[Start of section]

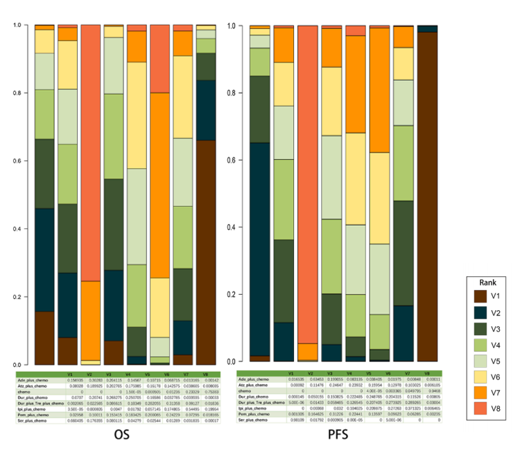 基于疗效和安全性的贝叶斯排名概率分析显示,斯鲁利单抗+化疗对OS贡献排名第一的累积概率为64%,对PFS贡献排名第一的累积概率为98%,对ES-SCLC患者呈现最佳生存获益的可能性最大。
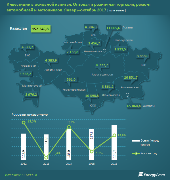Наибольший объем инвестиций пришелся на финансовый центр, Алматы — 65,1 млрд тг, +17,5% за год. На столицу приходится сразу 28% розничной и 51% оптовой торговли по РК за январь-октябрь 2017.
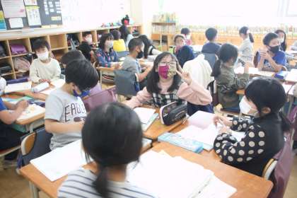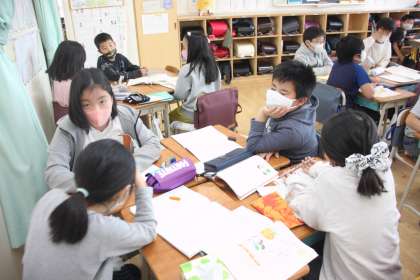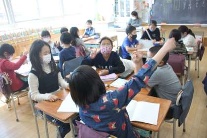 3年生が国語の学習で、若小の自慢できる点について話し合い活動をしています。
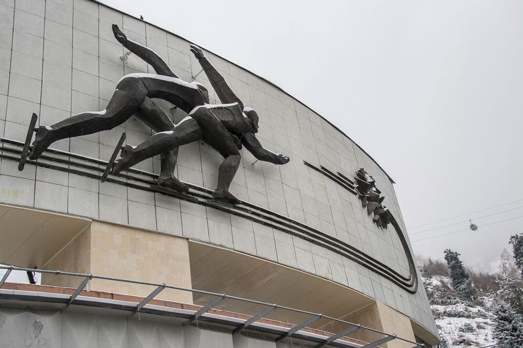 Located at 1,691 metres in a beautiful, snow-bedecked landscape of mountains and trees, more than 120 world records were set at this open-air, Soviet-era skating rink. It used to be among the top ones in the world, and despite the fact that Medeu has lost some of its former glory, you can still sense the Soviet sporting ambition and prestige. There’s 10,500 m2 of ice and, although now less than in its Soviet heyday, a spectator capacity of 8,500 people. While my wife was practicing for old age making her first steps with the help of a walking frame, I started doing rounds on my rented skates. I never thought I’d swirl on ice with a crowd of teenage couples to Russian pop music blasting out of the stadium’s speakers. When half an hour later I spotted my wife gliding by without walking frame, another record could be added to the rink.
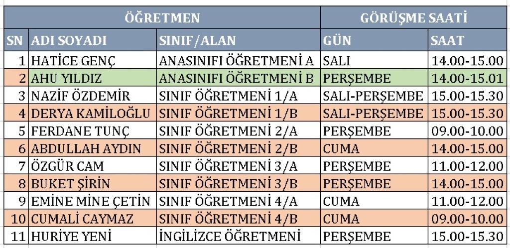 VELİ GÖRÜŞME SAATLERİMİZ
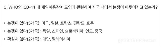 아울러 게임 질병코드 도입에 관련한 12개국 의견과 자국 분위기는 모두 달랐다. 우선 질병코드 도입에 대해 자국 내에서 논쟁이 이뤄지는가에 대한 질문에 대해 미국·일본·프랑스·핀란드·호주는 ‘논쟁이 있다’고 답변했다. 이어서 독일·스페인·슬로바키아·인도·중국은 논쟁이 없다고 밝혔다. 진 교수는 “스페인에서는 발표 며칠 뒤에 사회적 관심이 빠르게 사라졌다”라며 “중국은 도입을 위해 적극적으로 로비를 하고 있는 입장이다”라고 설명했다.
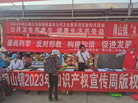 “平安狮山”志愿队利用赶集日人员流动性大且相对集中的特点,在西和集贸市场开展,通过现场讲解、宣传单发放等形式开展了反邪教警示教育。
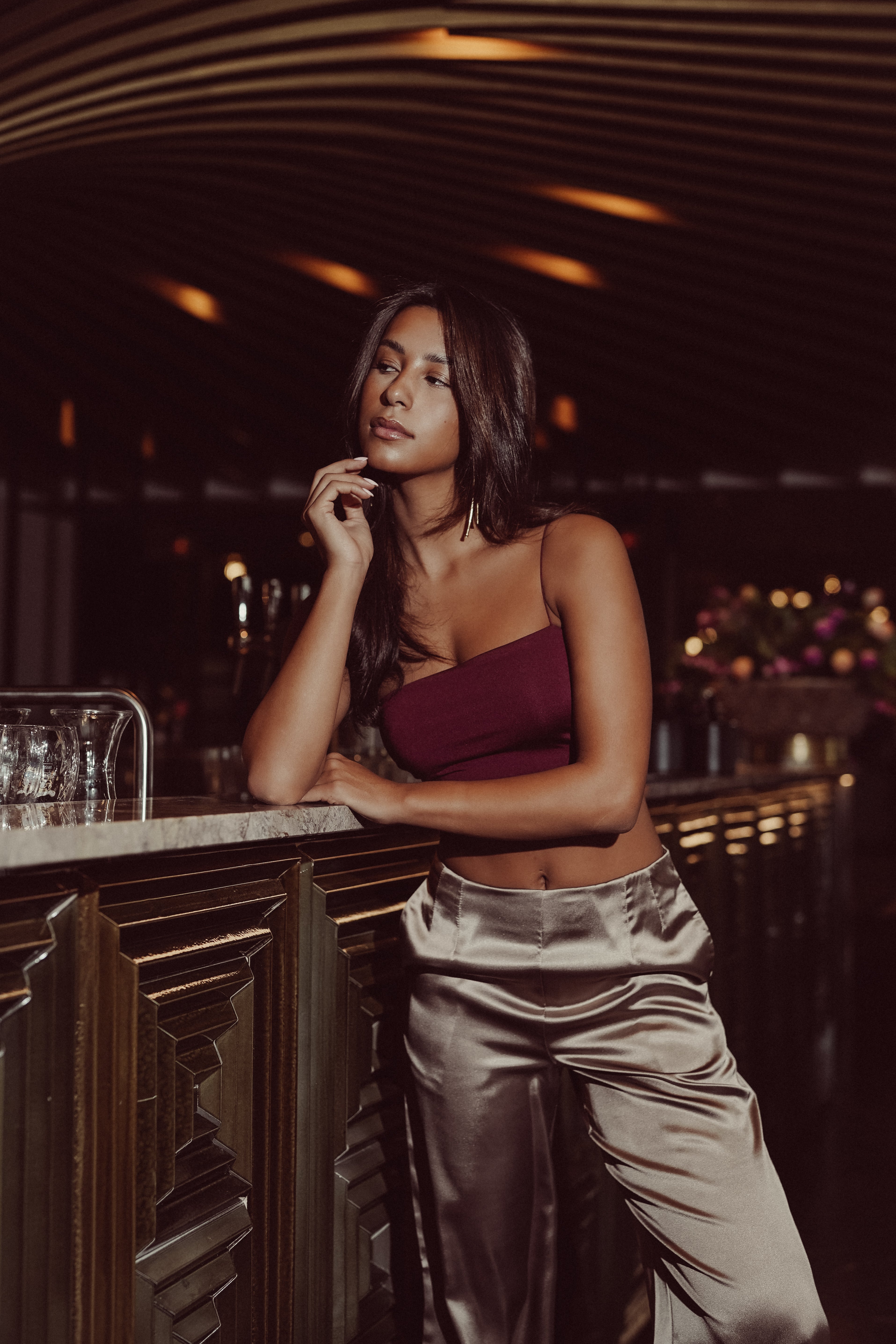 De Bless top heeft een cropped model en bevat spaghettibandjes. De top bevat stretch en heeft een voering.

[End of section]

▶ Problem details: Take the material above and set it down exactly, minus the images.

▶ Exercise answer:
 基于疗效和安全性的贝叶斯排名概率分析显示,斯鲁利单抗+化疗对OS贡献排名第一的累积概率为64%,对PFS贡献排名第一的累积概率为98%,对ES-SCLC患者呈现最佳生存获益的可能性最大。
Наибольший объем инвестиций пришелся на финансовый центр, Алматы — 65,1 млрд тг, +17,5% за год. На столицу приходится сразу 28% розничной и 51% оптовой торговли по РК за январь-октябрь 2017.
 3年生が国語の学習で、若小の自慢できる点について話し合い活動をしています。
 Located at 1,691 metres in a beautiful, snow-bedecked landscape of mountains and trees, more than 120 world records were set at this open-air, Soviet-era skating rink. It used to be among the top ones in the world, and despite the fact that Medeu has lost some of its former glory, you can still sense the Soviet sporting ambition and prestige. There’s 10,500 m2 of ice and, although now less than in its Soviet heyday, a spectator capacity of 8,500 people. While my wife was practicing for old age making her first steps with the help of a walking frame, I started doing rounds on my rented skates. I never thought I’d swirl on ice with a crowd of teenage couples to Russian pop music blasting out of the stadium’s speakers. When half an hour later I spotted my wife gliding by without walking frame, another record could be added to the rink.
 VELİ GÖRÜŞME SAATLERİMİZ
 아울러 게임 질병코드 도입에 관련한 12개국 의견과 자국 분위기는 모두 달랐다. 우선 질병코드 도입에 대해 자국 내에서 논쟁이 이뤄지는가에 대한 질문에 대해 미국·일본·프랑스·핀란드·호주는 ‘논쟁이 있다’고 답변했다. 이어서 독일·스페인·슬로바키아·인도·중국은 논쟁이 없다고 밝혔다. 진 교수는 “스페인에서는 발표 며칠 뒤에 사회적 관심이 빠르게 사라졌다”라며 “중국은 도입을 위해 적극적으로 로비를 하고 있는 입장이다”라고 설명했다.
 “平安狮山”志愿队利用赶集日人员流动性大且相对集中的特点,在西和集贸市场开展,通过现场讲解、宣传单发放等形式开展了反邪教警示教育。
 De Bless top heeft een cropped model en bevat spaghettibandjes. De top bevat stretch en heeft een voering.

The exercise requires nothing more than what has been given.